**Stored data**.

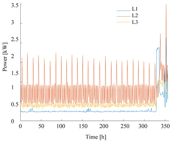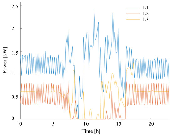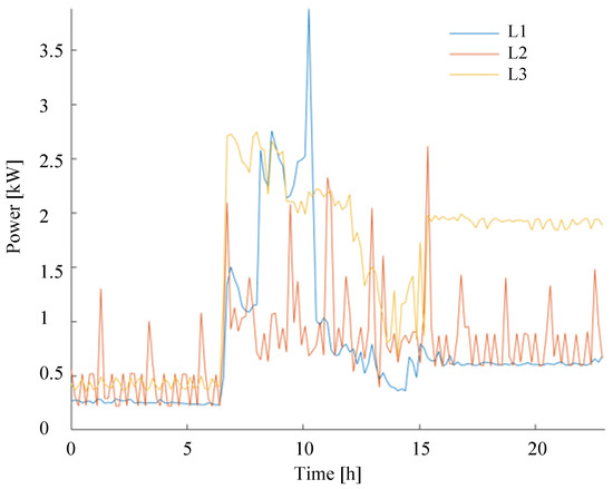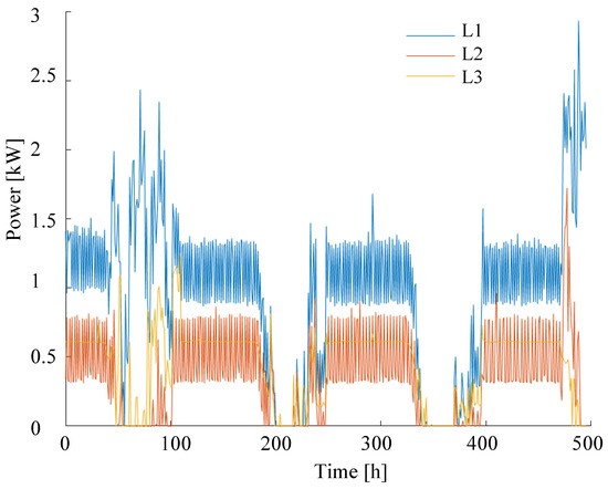 In Figure 5, The initial electricity demand profile of the microgrid system is shown for a three-phase feeder (L1, L2, L3) serving block H over a 7-day measurement period before applying the optimization model. The microgrid has a baseline peak demand of 4.5 kW on each phase, occurring between 7 AM and 4 PM. This maximum demand is indicative of the consumption from residential loads in the mornings and afternoons. During late night, a minimum base demand of 1 kW is observed on each phase, likely serving essential loads. The three-phase demand profiles exhibit similar consumption trends, with peak demand in the afternoons driven by increased usage from households. By optimizing the microgrid operations through demand response and distributed energy resources, the peak loads can potentially be reduced while still serving the daily energy needs. The optimization results can be compared to this initial 7-day demand profile to quantify the impacts of the model. The multi-phase demand data at 10-min intervals provide insights into the microgrid flexibility and where peak shaving measures can be targeted. Further analysis may reveal additional observations comparing the three phases or comparing weekday and weekend usage profiles before optimization.
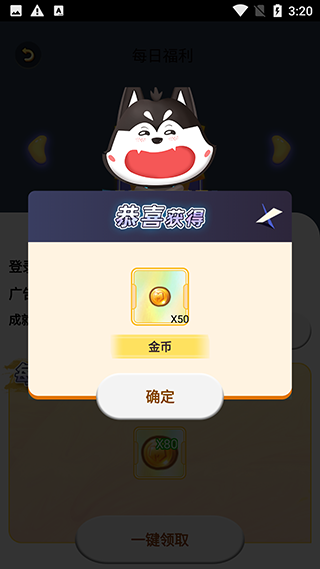 4、除了看广告获得金币,每天签到也是可以获得少量的金币的。
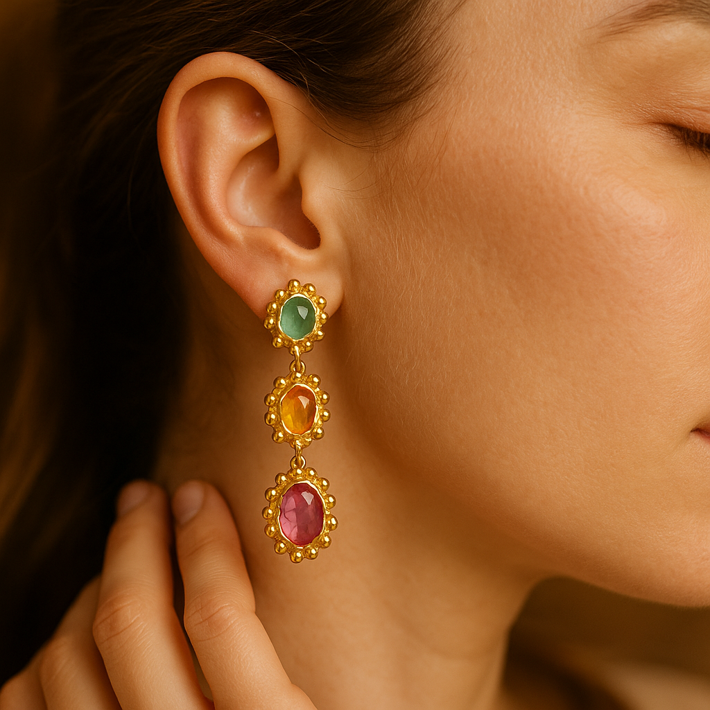 Undine | Pozłacane kolczyki z kolorowymi kamieniami
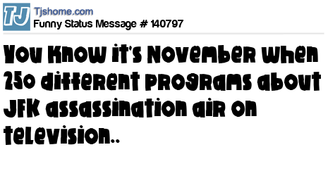 X says You know it's November when 250 different programs about JFK assassination air on television..
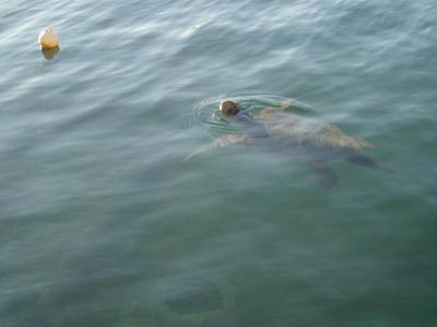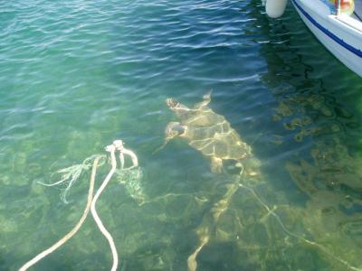 Ovšem tutovka a zážitek, je zajít si do nedalekého přístavu, kam v půl osmé skoro pravidelně, připlouvá červená bárka a nejpozději pět minut po přistání připlouvá největší a nejstarší želvák ze zálivu, který se naučil, že mu rybáři házejí ryby a škeble, které nejdou na prodej. Opravdu tam dva - tři metry před váma, plave sem a tam obrovská, víc jak 100 kilová Careta, kterou pojmenovali místní Sotiris a viditelně jí přítomnost lidí, ani cvakání fotoaparátů s blesky nevadí a doslova se předvádí.
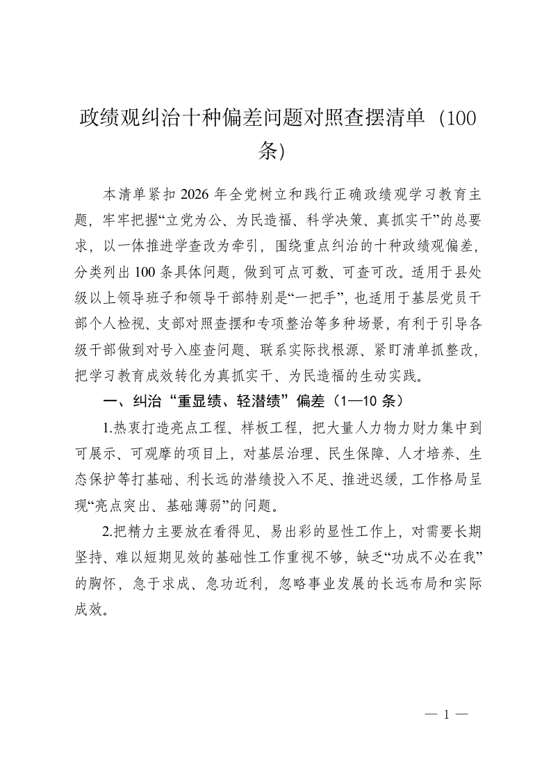 政绩观纠治十种偏差问题对照查摆清单(100条)
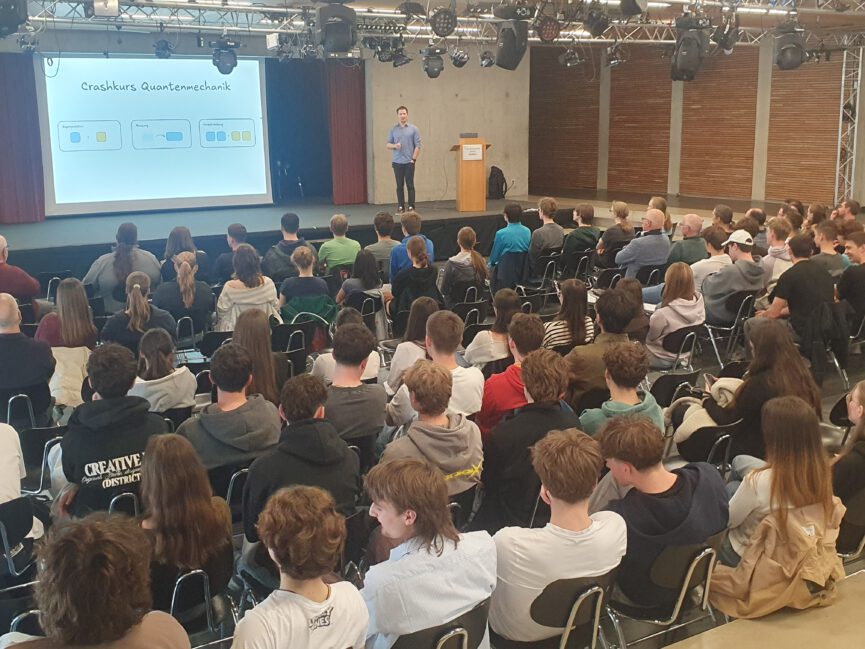 Er präsentierte uns einen spannenden Vortrag zu dem Thema „Quantenphysik – Entdeckung und aktuelle Entwicklungen“. Den Vortrag besuchten die Physikschüler*innen der Oberstufe, welche teilweise schon im Unterricht die Quantenphysik angerissen haben.
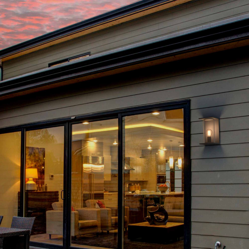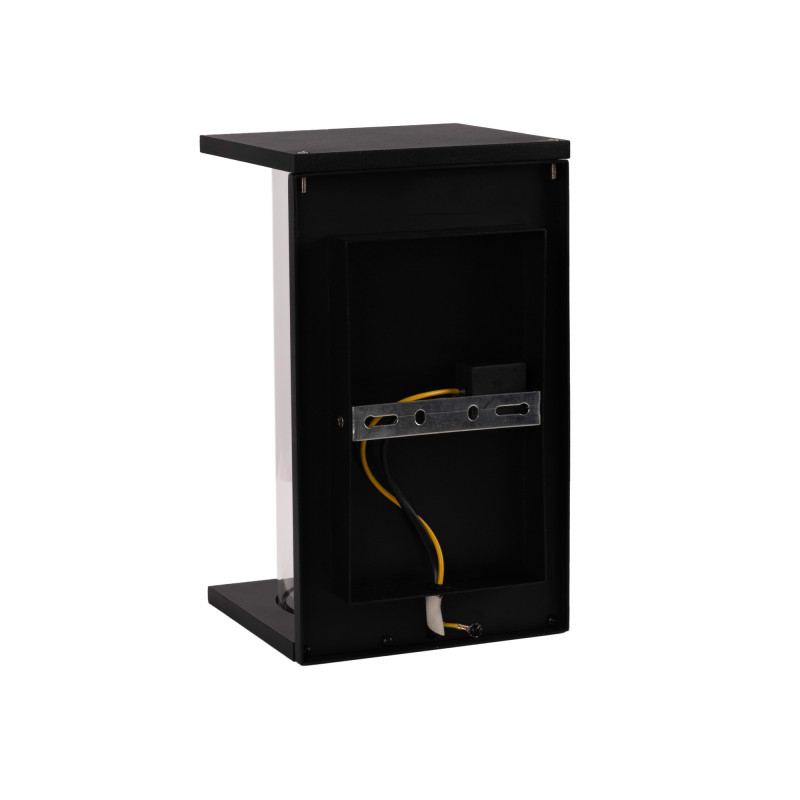 L'applique da esterno "Arzo" combina un corpo in alluminio in finitura nera opaca con un diffusore cilindrico in vetro trasparente, il cui design arricchisce l'estetica di qualsiasi spazio.

**What to produce**. Begin at the first line of the data above and repeat each line exactly, stopping after the line containing "4、除了看广告获得金币,每天签到也是可以获得少量的金币的。". Omit the pictures.

**Task response**.
 In Figure 5, The initial electricity demand profile of the microgrid system is shown for a three-phase feeder (L1, L2, L3) serving block H over a 7-day measurement period before applying the optimization model. The microgrid has a baseline peak demand of 4.5 kW on each phase, occurring between 7 AM and 4 PM. This maximum demand is indicative of the consumption from residential loads in the mornings and afternoons. During late night, a minimum base demand of 1 kW is observed on each phase, likely serving essential loads. The three-phase demand profiles exhibit similar consumption trends, with peak demand in the afternoons driven by increased usage from households. By optimizing the microgrid operations through demand response and distributed energy resources, the peak loads can potentially be reduced while still serving the daily energy needs. The optimization results can be compared to this initial 7-day demand profile to quantify the impacts of the model. The multi-phase demand data at 10-min intervals provide insights into the microgrid flexibility and where peak shaving measures can be targeted. Further analysis may reveal additional observations comparing the three phases or comparing weekday and weekend usage profiles before optimization.
 4、除了看广告获得金币,每天签到也是可以获得少量的金币的。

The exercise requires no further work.